An interesting area where differences abound is the car industry. For a start it is the ‘auto' industry. About ninety percent of cars in North America have automatic transmissions, whereas in the U.K. (because of the price of fuel) about ninety percent have manual gear change, which incidentally is ‘standard shift' on this side. This term is a holdover from the time when automatic transmissions were the exception rather than the rule and it is always a source of innocent merriment to see specifications for new cars with an item: 'standard shift is optional' (surely it's either standard, or it's optional, n'est-ce-pas?). When buying petrol you ask for gas, but when you get a gas bill, it's probably not for the petrol you bought, but for the natural gas that heats your house. In the same vein, the accelerator is the gas-pedal, paraffin is kerosene, boot is trunk, bonnet is hood and windscreen is windshield. Also note that carburettor rhymes with alligator, not that many cars have them any more anyway.

The other thing about cars in Canada is that ‘imports' are any cars that are not American, but all American cars are discreetly labelled ‘domestic'. In the early sixties I had a small British car and was accused by some rather arrogant pro-American person of being unpatriotic. Why didn't I buy a Canadian car he demanded to know. My reply (that I would have if I could have found one), didn't go down too well. He was even more enraged (much to my gratification) by my suggestion that instead of cars being classified as imported or domestic, they should be grouped as foreign or commonwealth (game, set and match). At that time British cars had a significant share of the market, but thanks to the incompetence, and indifference of local dealerships and the total refusal by the British car makers to equip cars for the Canadian winters, the opportunity to make the sort of inroads which the Japanese subsequently did was frittered away.

The striving to obfuscate in car advertising (our mission is to befuddle and confuse) has been reduced to an exact science on this side of the water; item: This vehicle now comes with available air conditioning. Translation: This vehicle comes without air conditioning, but it is available as an outrageously expensive option. Watch out for new subtleties; how about: 'The sticker shows the floor price of this vehicle'. Translation: Wheels will be required to raise this vehicle off the floor, they are of course an available option. Oh by the way, be careful about those wheels, the price may not include the tyres.

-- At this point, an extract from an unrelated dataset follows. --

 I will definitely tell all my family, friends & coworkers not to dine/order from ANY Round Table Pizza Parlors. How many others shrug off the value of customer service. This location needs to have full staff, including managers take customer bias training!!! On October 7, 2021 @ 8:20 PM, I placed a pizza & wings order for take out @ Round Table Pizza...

If you are going to knock on the door of a female neighbour, to borrow some salt for example, do not announce that you are going to ‘knock her up', as this has a very different connotation on this side of the water. In the kitchen the cooker is the stove or range and the grill is the broiler . The water tap is ‘faucet' and my theory is that this is due to the crudity of early American plumbing, when the taps were probably so hard to turn that people always said ‘force-it'.

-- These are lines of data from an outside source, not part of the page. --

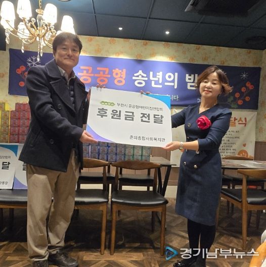 [경기남부뉴스 김혜숙 기자] 부천시 공공형어린이집연합회가 지난 24일 개최된 공공형어린이집 송년의 밤 행사에서 춘의종합사회복지관에 이웃사랑 후원금을 전달하며 2년 연속 나눔 활동을 이어갔다.
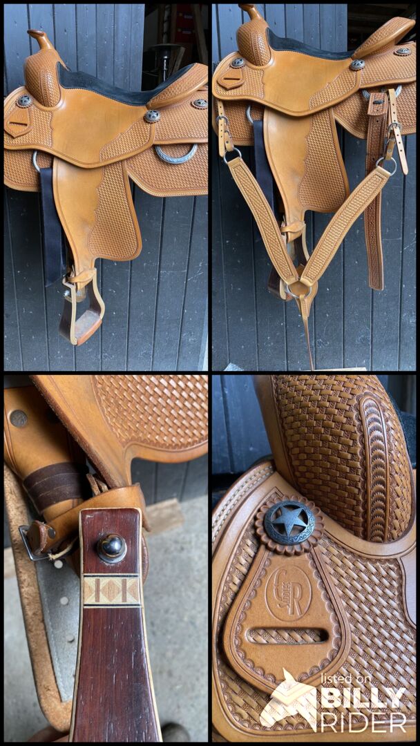 CR Californië Ranch Zadelmakerij 16 inch - Ik bied het afgebeelde CR zadel te koop aan. Het is een Definition met FQH boom (ongeveer 2 mm breder dan de QHllA). Een bijpassend borsttuig en de complete rugcinch zijn ook inbegrepen. Een geweldig zadel, ongelooflijk comfortabel, ideaal voor werk op de baan en ritten. Het zadel is in zeer goede gebruikte staat en wordt alleen bewaard in de zadeltas.
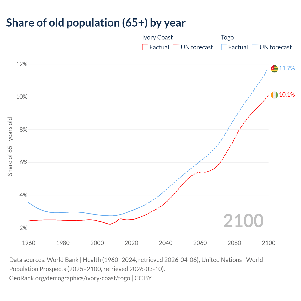 The share of older people aged 65 and over is 2.61% in Ivory Coast and 3.21% in Togo. Life expectancy in Ivory Coast compared to Togo .

Ironmongers shops are hardware stores in Canada. They are mostly chains and I think that they carry a much more comprehensive range of supplies than in the U.K., where recently I could not find anywhere in my home town an item as simple as a stainless steel nut and bolt to mend a teapot. The oldest and biggest chain in Canada is Canadian Tire. Ah yes, another one for the dictionary; tyre is tire in American, but then again centre is center. This probably means that tire will eventually become tier and the conversion to a two-tier language will be complete.